Hypercholestérolémie
Métabolique
40%
Hypertension essentielle
Cardio-vasculaire
35%
Diabète de type 2
Métabolique
30%
Coronaropathie
Cardio-vasculaire
20%
Maladie d'Alzheimer
Neuro-dégénérative
20%
Sclérose en plaques
Auto-immune
5%
Asthme
Respiratoire
5%
Cancer du sein
Oncologie
5%
Maladie de Parkinson
Neuro-dégénérative
5%
Schizophrénie
Psychiatrique
0%

Le modèle fonctionne bien sur les sous-graphes cardio-métaboliques denses — exactement là où OGBL-biokg a une couverture riche grâce à des décennies de recherche sur les maladies cardiovasculaires et le diabète. Il s'effondre sur les sous-graphes peu denses — oncologie, psychiatrie, auto-immune, respiratoire. Ce n'est pas un défaut à cacher. C'est une propriété du graphe d'entrée et une carte utile des zones où la méthode est fiable ou non.

Dépistage de médicaments sur un microcontrôleur à 2 €

★ Déployable sur micro-contrôleur

Un modèle de 24 Mo + un binaire C de 17 Ko classe des candidats médicamenteux pour le diabète T2 à partir de la structure du graphe seule — et place cinq antidiabétiques approuvés par la FDA dans son top 20.

Le modèle ternaire par ligne (compression 15,8× sur les tables d'entités) est empaqueté dans un binaire .tmed de 24 Mo qui tourne via un runtime C99 compilé statiquement de 17 Ko — pas de Python, pas de PyTorch, pas de malloc. Scan linéaire sur 93 773 entités pour une requête : ~870 ms sur x86_64, 30–60 secondes projetées sur un MCU Cortex-M4F à 2 € avec le modèle stocké dans une flash série externe à 0,50 €. Top-6 pour T2D : Saxagliptin, Gliclazide, Sitagliptin, Miglitol, Tolbutamide — cinq antidiabétiques approuvés par la FDA surfacés depuis le graphe seul.

La partie honnête

Il s'agit d'une performance de benchmark plus une vérification externe. Ce n'est pas une découverte de nouveaux médicaments. OGBL-biokg est construit à partir de littérature publique — un MRR élevé signifie que le modèle capture des associations déjà implicites dans le dossier publié. La vraie découverte de médicaments nécessite des essais in vitro, des criblages ADMET, des études de sélectivité et des essais cliniques. Rien de tout cela n'a eu lieu ici.
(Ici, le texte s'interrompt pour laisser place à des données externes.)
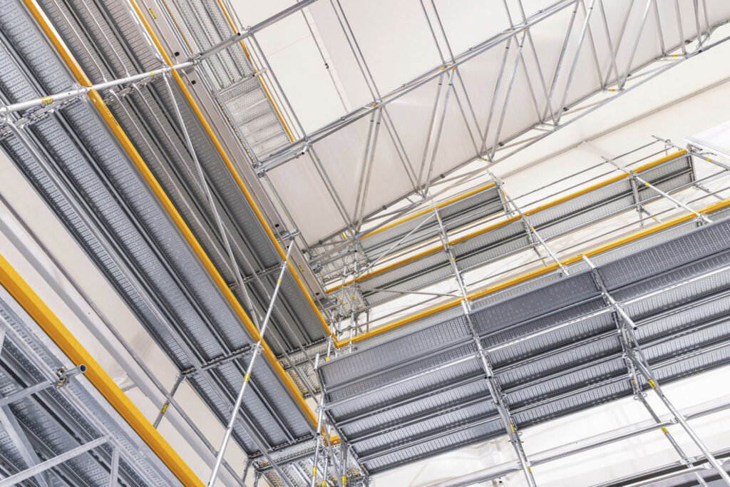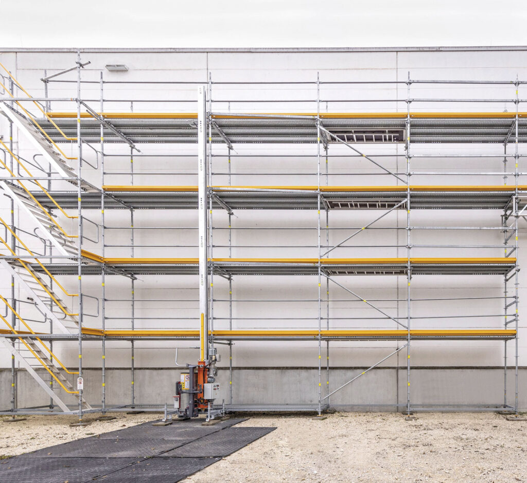 • Bezpečnostní prvky: Lešení je vybaveno pokročilými bezpečnostními prvky minimalizujícími riziko pracovních úrazů, včetně pádů z výšky.
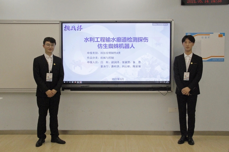 5月15日,第十七届江苏省大学生课外学术科技作品竞赛暨“挑战杯”全国竞赛江苏省选拔赛决赛在南京中医药大学落下帷幕。91论坛 参赛作品《水利工程输水廊道检修探伤仿生蜘蛛机器人》,获得“挑战杯”江苏省赛一等奖,并入围全国大赛环节,是全校两只入围国赛的本科生团队之一。这是91论坛 首次在“挑战杯”竞赛中入围全国大赛,实现了91论坛 在“挑战杯”竞赛中的历史性突破。
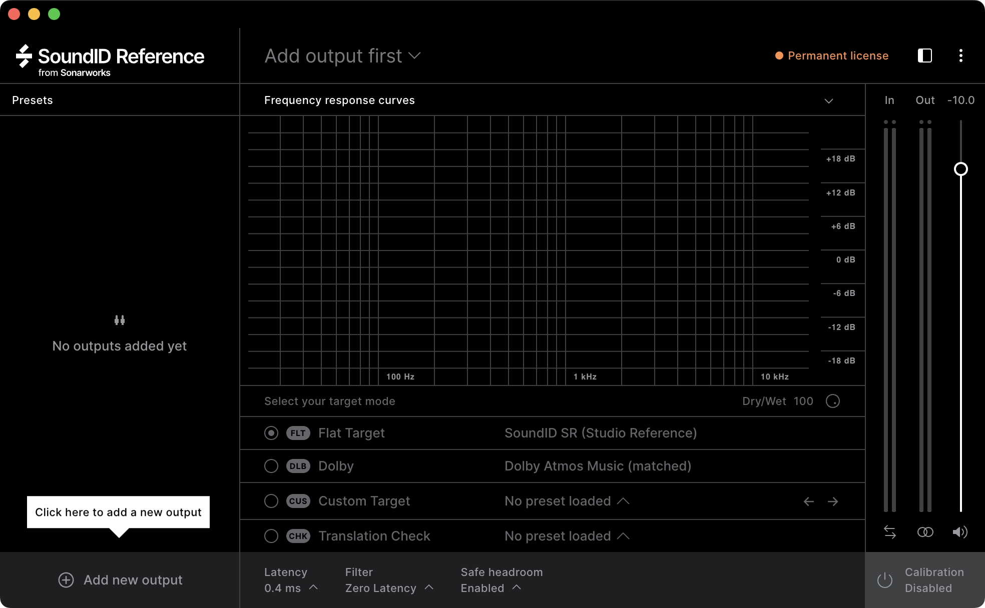 上記の画面で、「Open Reference App」をクリックするとSoundID Referenceが起動します。すると、「Click here to add a new output」という指示に従い、「Add new output」をクリックします。

Important. Les candidats affichés dans la démo sont des artefacts de recherche, pas des recommandations médicales. Les prédictions corroborées par des bases externes sont des pistes méritant l'examen d'un clinicien — pas des traitements validés. Les prédictions non corroborées ne doivent pas être supposées inutiles. Consultez un clinicien pour toute décision de traitement.